Error on the fifth shard

cleverhans-lab / machine-unlearning

MIT License

153 stars 34 forks source link

Error on the fifth shard #3

Open clemley opened 3 years ago

clemley commented 3 years ago

On the first request of the fifth shard I believe there is an index error as it causes an error. All other pieces run properly aside from the fifth shard. Is there a way to fix this?

huxi2 commented 3 years ago

I found that the number of data in purchase2_train.npy generated by running init.sh was 249215, which was different from the number in the datasetfile. So I fix this by modifying this code in prepare_data.py : X_train, X_test, y_train, y_test = train_test_split(data, label, **test_size=0.1**)

Hope that helps

swagStar123-code commented 1 year ago

According to the proposal, the change from 0.2 to 0.1 still has the above problems.

KatieHYT commented 1 year ago

Same here. Even I change from 0.2 to 0.1, there is still the index error IndexError: index 280367 is out of bounds for axis 0 with size 280367.

any suggestion till now?

nimeshagrawal commented 11 months ago

Any solution found regarding this issue?

nimeshagrawal commented 11 months ago

The problem is there in the datasets/purchase/datasetfile. They have hard coded train and test sample size. The prepare_data.py splits according to test_size = 0.2, but "datasetfile" has sample sizes according to test_size = 0.1. Hence, change train & test sample size in "datasetfile". (Replace with nb_train = 249215 and nb_test = 62304)

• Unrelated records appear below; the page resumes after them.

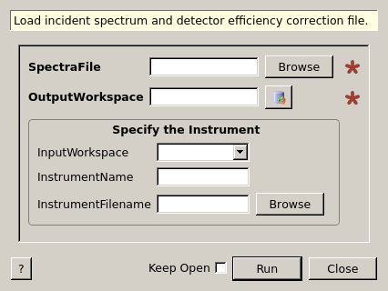 | SpectraFile | Input | string | Mandatory | Incident spectrum and detector efficiency correction file. Allowed extensions: [‘.dat’] |
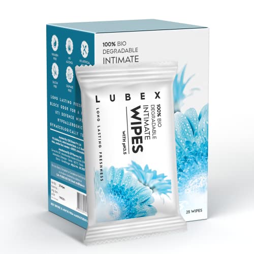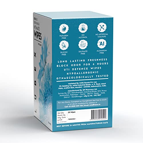 One box of Lubex Intimate Wipes contains 25 Individually-Wrapped wipes for easy use. Gynaecologist-tested, hypoallergenic, free from alcohol, no artificial colour, silicon free, Sulphate free, Aluminium free and free from dyes and paraben.
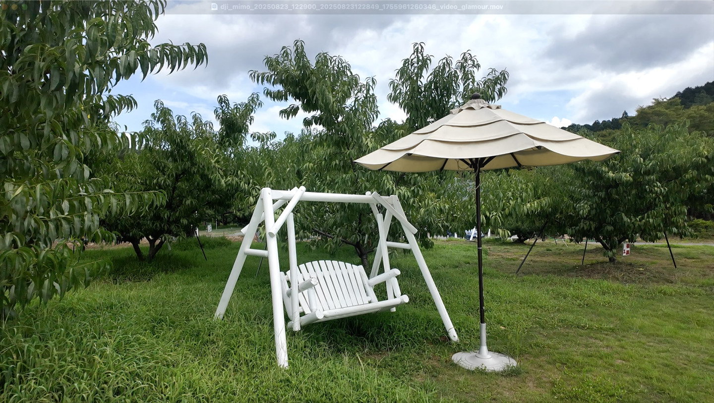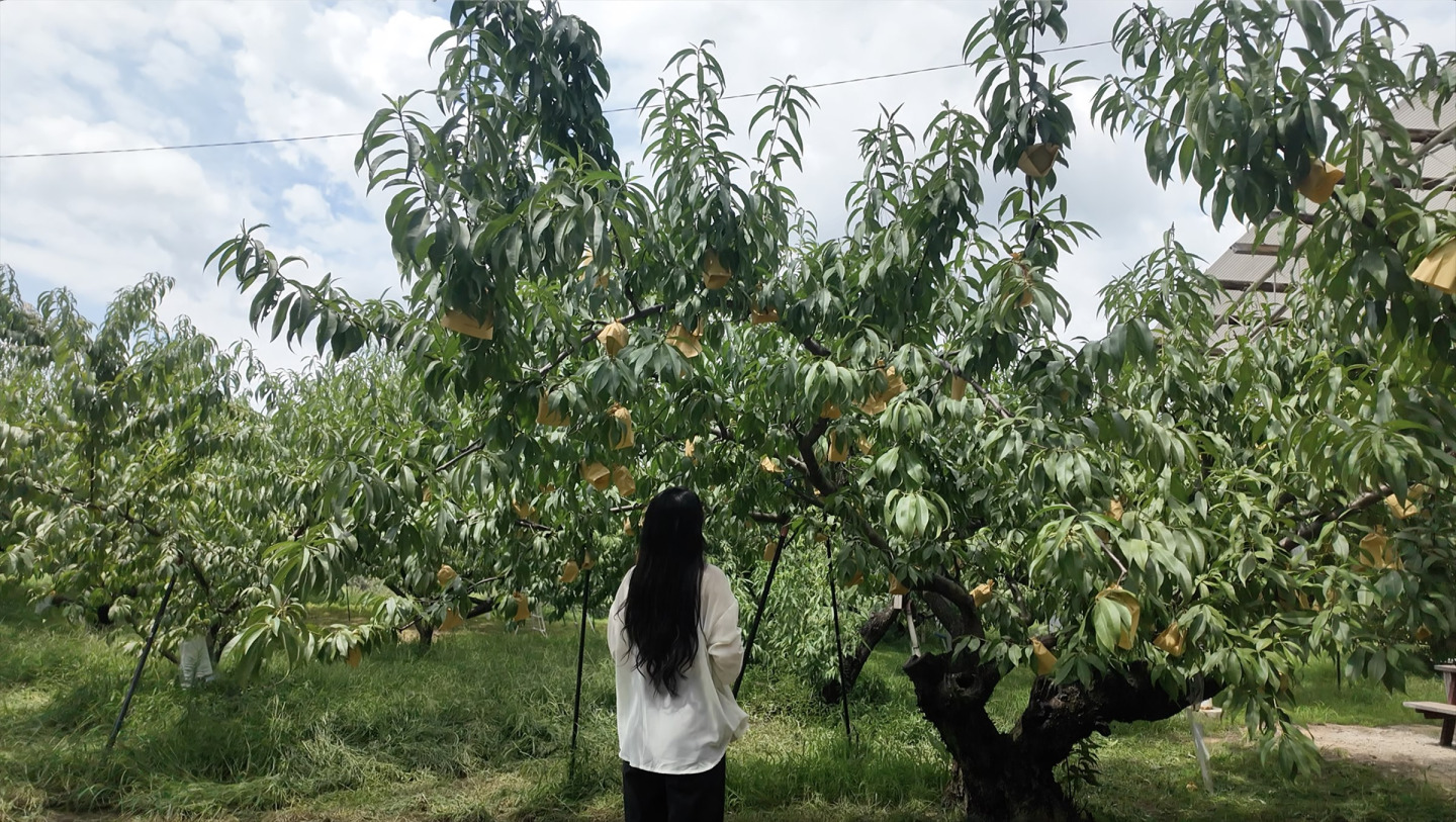 売店で購入した桃スムージーを片手に、農園のベンチでのんびりおしゃべり!
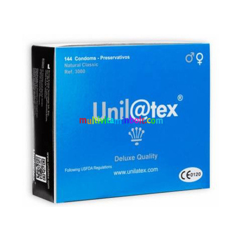 UNILATEX NATURAL ÓVSZER - 144 db, normál méret ANYAG: Latex. LEÍRÁS: Dobozban 144 latex óvszer tárolóval. Az Unilatex óvszereket a legmodernebb európai technológiával gyártják, a legmagasabb minőségű gumiból, a nemzetközi szabvány tanúsítása alapjá
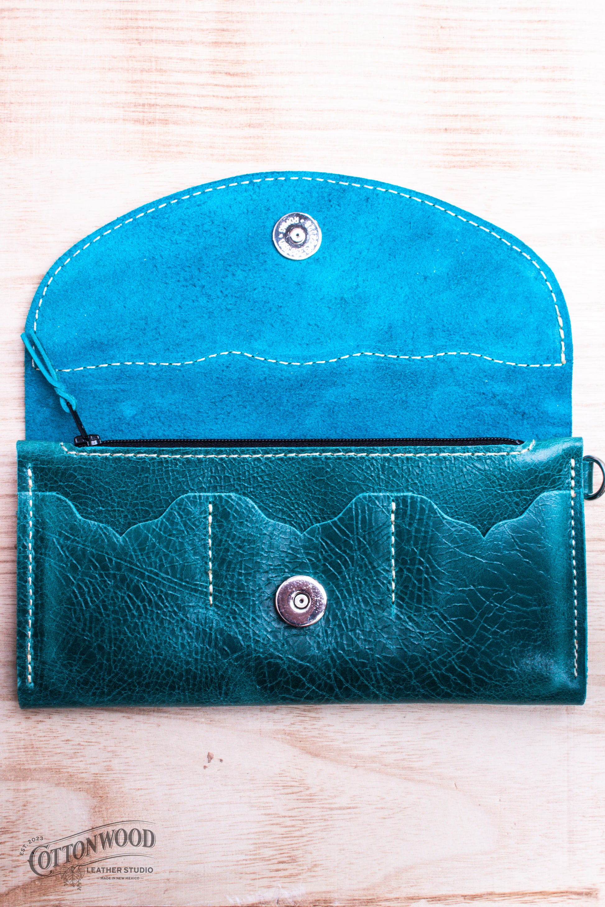 Turquoise Daisy Clutch Wallet with Wrist Strap
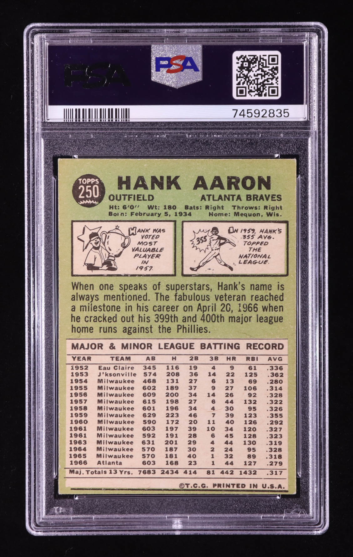 Hank Aaron 1967 Topps #250 (PSA 5) (MC)
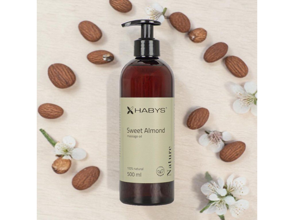 Masážny olej Nature Sweet Almond od HABYS je prémiový 100 % prírodný a vegánsky produkt určený na profesionálnu masáž a domáce ošetrenie tváre.
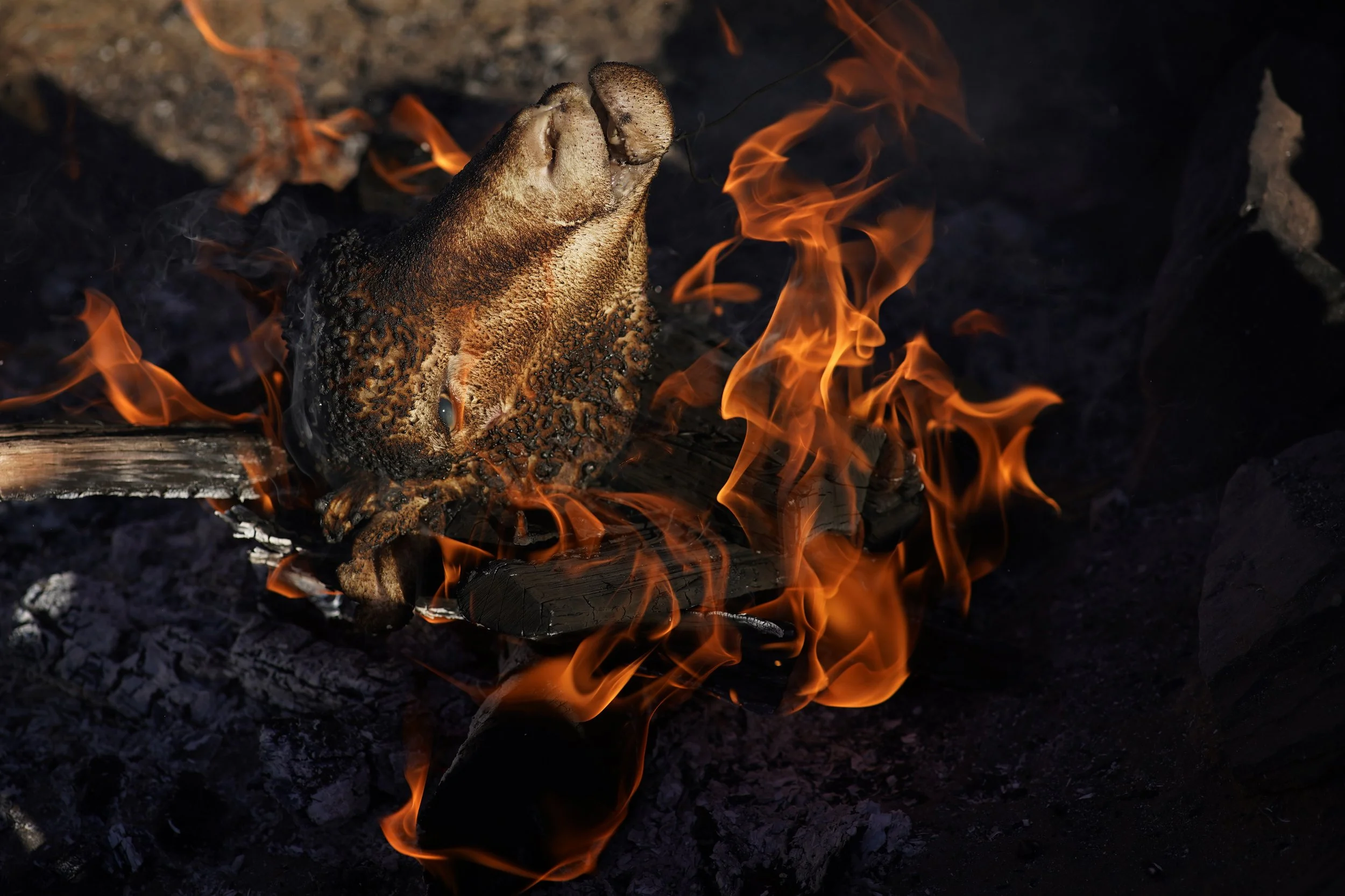 Jay Begay Sr. singes the head of a sheep after butchering the animal Wednesday, Sept. 6, 2023, in the community of Rocky Ridge, Ariz., on the Navajo Nation. The head is singed to prepare it for eating later. (AP Photo/John Locher)

scottshufe commented 10 months ago

Thanks for your solution. It solved my problem perfectly.

The problem is there in the datasets/purchase/datasetfile. They have hard coded train and test sample size. The prepare_data.py splits according to test_size = 0.2, but "datasetfile" has sample sizes according to test_size = 0.1. Hence, change train & test sample size in "datasetfile". (Replace with nb_train = 249215 and nb_test = 62304)

GM-git-dotcom commented 8 months ago

The problem is there in the datasets/purchase/datasetfile. They have hard coded train and test sample size. The prepare_data.py splits according to test_size = 0.2, but "datasetfile" has sample sizes according to test_size = 0.1. Hence, change train & test sample size in "datasetfile". (Replace with nb_train = 249215 and nb_test = 62304)

This. And remember to run python prepare_data.py after making this change.